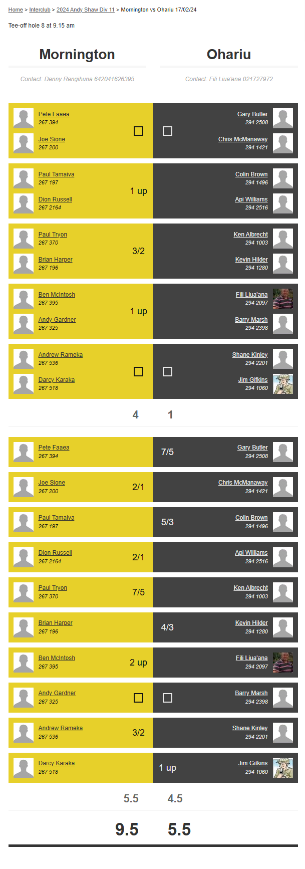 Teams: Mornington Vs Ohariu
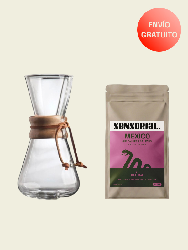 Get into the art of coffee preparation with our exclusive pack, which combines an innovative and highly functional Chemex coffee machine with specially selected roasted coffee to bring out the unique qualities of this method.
--
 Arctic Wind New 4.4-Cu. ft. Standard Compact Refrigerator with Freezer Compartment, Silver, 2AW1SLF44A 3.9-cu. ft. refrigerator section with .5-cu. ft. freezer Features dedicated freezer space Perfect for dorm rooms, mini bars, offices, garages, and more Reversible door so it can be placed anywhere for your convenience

● **EXERCISE AIM**
Each line between the one holding "Teams: Mornington Vs Ohariu" and the one holding "Get into the", inclusive, should be copied exactly as it appears above, and pictures should be omitted.

● **EXPECTED ANSWER**
 Teams: Mornington Vs Ohariu
 Get into the art of coffee preparation with our exclusive pack, which combines an innovative and highly functional Chemex coffee machine with specially selected roasted coffee to bring out the unique qualities of this method.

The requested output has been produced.